観音堂附近一円の地が公園となつたのは明治六年であるが、実は公園といふも名ばかりで、「奥山」の丘阜を切開いて千束村の耕地を埋立て、その一隅に瓢箪池を造つたのが漸やく明治十四年から十五年にかけての仕事、次で雷門から仁王門に至る両側の出稼ぎ店や掛茶屋、飲食店などを立退かせて銀座の舗道をつくるに買込みすぎて余つた煉瓦を、持つて来て敷詰め、仲見世の新装の成つたのが越えて十七八年頃。 それから歩一歩と今日の歓楽境乃至は花街を形づくるに至つた経過を語るだけでもこれは一寸おもしろい話だと思ふが、長くなつて始末に終へなからう。
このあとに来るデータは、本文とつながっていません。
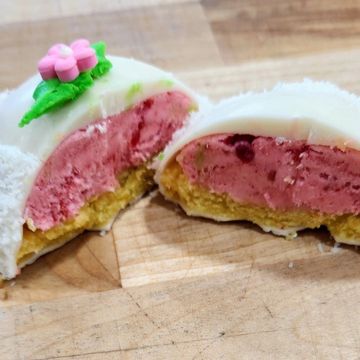a delectable treat featuring a zesty lemon cake encased in a light, raspberry buttercream mousse. This indulgent creation is then coated in a smooth layer of white chocolate and rolled in shredded coconut, offering a delightful combination of tangy lemon, sweet raspberry, and creamy coconut in every bite. (Discontinued)
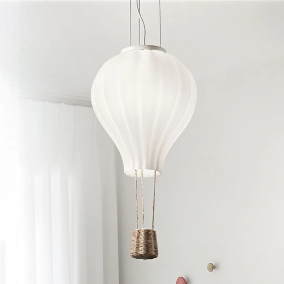 Cette suspension fera battre plus fort le cœur des amateurs de vols en montgolfière : Dream Big est une suspension originale en forme de montgolfière. Un abat-jour en verre opalin, qui abrite une douille E27, forme le ballon ; une nacelle en corde brune est suspendue en dessous.

小ゑんといふ芸妓のあったを御存知か? 小ゑんの艶名は一時東京の花街を風靡する程の勢ひであった。 と器用な事は言っても実は私も知らない、東京に出て間もない頃の事で絵端書だけは拝見したことがある、少し淋しい顔だったが、どれもこれも夢見るやうなぼうとした眼光の妓で、これが東京に於て絵端書で売出した芸妓の元祖であった、売出しは日露戦争の少しばかり前だそうである。

次が所謂「五人組時代」なるものである、曰く千代龍、花子、太郎、次郎、雪江。 さうだね最早十七八年になるかね、その頃までは未だ浅草の石新道にも、弾かせても、唄はせても、相当腕もあり、張もある、江戸前の芸妓の褄取る姿が見受けられたものだった。 その五人組の山木千代龍はちよっと小ゑんに似た美人だったが、吉右衛門と熱くなった結果、到頭吉右衛門は柳橋の芸妓だった前の女房を離縁して、千代龍と夫婦になったのである。

数に於ては兎に角、あの頃が浅草花街の全盛時代では無かったかしらん。 古い話ばかりして現在を語らないのは、実は今日の浅草については殆んど知る所がないから。 甚だ相済まない。